The Blue Umbrella, by Carol L. Douglas. Even without detail, you should be able to see that there are three different species of palm in this painting.
There are 629 living species of conifer in the world. In contrast, there are 2600 known species of palm trees, with the greatest diversity being on islands. They range in shape from draping to spiky to fan-shaped to pom-pom.
Studying the differences between trees helps me get the structure right in my paintings. In Karl’s Garden, yesterday, there were three different species shading the table. It’s a challenge to paint them accurately without being pedantic.
I vary my compositional technique depending on the subject. When I’m unsure about positioning, I sketch on paper, crop my sketch, and transfer the result to my canvas. For boats and buildings, I use a watercolor pencil and a straight edge. I draw directly on the canvas, using water for erasure. 
In my studio, I often start with an abstracted grisaille. This can be risky in the field, since those sloppy wet darks can migrate up into the painting, creating mud. Being rigorous about the fat-over-lean rule helps prevent this. So does marrying the underpainting color to the final shadow color. For this reason, I often end up using a violet-blue rather than the more conventional desaturated reddish-brown.
The rare and elusive pom-pom palm, at Coral Beach in Freeport.
We couldn’t get odorless mineral spirits in the Bahamas. Our choices for solvent were conventional white spirit or turpentine. We chose turpentine. It dries very fast, making the bottom layer less squishy than it would be at home. Going directly to paint meant I could develop paintings that relied on patterning, rather than modeling.
I like complicated images (even though I usually regret them halfway through the painting). I look for angles, light, and, most importantly, the negative space created by the objects. Then I determine where on the canvas the most important elements should fall. Quite literally, I paint quick circles in those spots and then stretch and bend the other objects to fit into the space.
The branching structure varies widely, as do the evergreen, pinnate leaves.
There’s a limit to what a grisaille can tell you about composition. In addition to value structure, paintings have chromatic structure. That was where I went wrong with the painting I wiped out this week. I didn’t take into consideration the coolness of the sea and sky when I was doing my underpainting. If I had, I could have swept them through the painting.

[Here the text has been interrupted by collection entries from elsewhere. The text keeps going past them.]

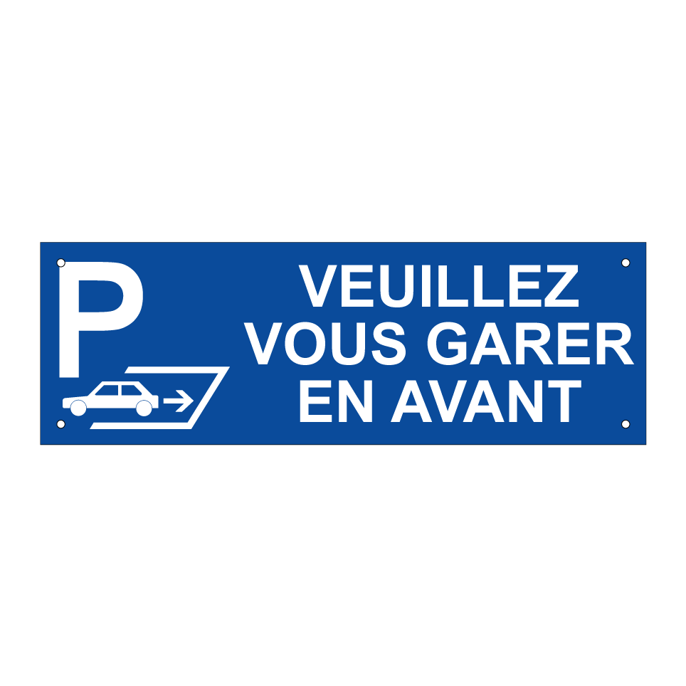 Ce panneau de stationnement est idéal pour les parkings publics, les garages privés et les zones commerciales. Il guide les conducteurs à se garer correctement en avant, assurant une circulation fluide et sécurisée. Grâce à sa couleur bleue et son texte blanc, il est facilement visible de loin. Placez-le à l'entrée de votre parking ou à des endroits stratégiques pour optimiser l'organisation et la sécurité des véhicules. Ce panneau est essentiel pour maintenir l'ordre et éviter les malentendus.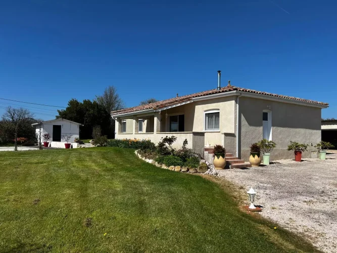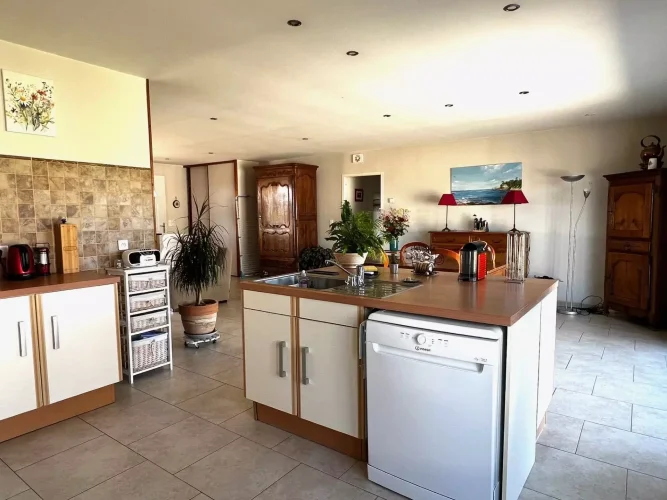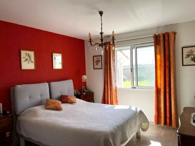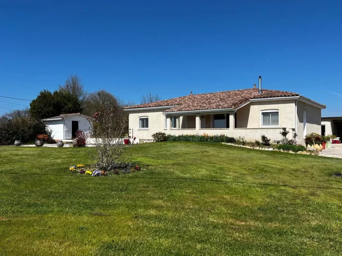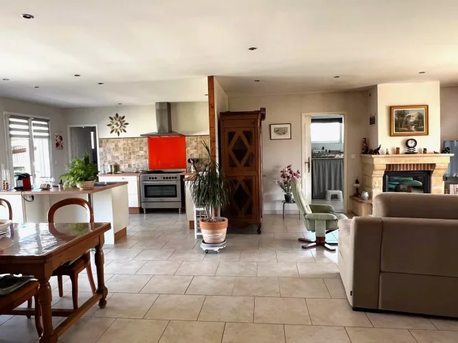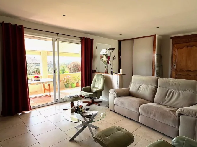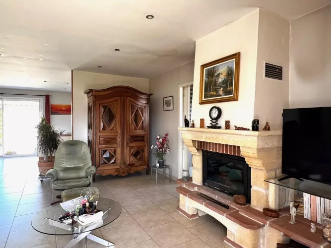 This perfectly maintained 2008 house offers 147 m² of living space in 5 rooms: a large, bright living room opening onto a 27 m² covered terrace, three bedrooms including a master suite, an office, a bathroom, a toilet, and a laundry room. In excellent condition throughout, with high-quality features, reversible underfloor heating with a heat pump, compliant sanitation system, and an electric gate.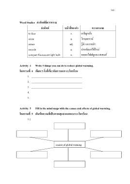 กิจกรรมที่ 5 เติมขอความที่เปนสาเหตุและผลของภาวะโลกรอน

I had a painting teacher once who liked to intone “there is no negative space.” She was trying to say that there are no areas of the painting where nothing important is happening. This is true. However, it is useful to have a term to describe the interstices between objects. In painting a complicated image, those negative spaces are critical. For trees, the silhouette is important, but the traps—that negative space where sky shows through the canopy—is paramount.
After we’d downed brushes for the last time, we took a short car ride. There a line of tankers waits to approach Grand Bahama. I didn’t want to paint it, but it was a lovely image.
My week of painting in the Bahamas is now over, and I head back to Boston this afternoon. “The real question,” I told Bobbi Heath this morning, “is, where am I heading next?”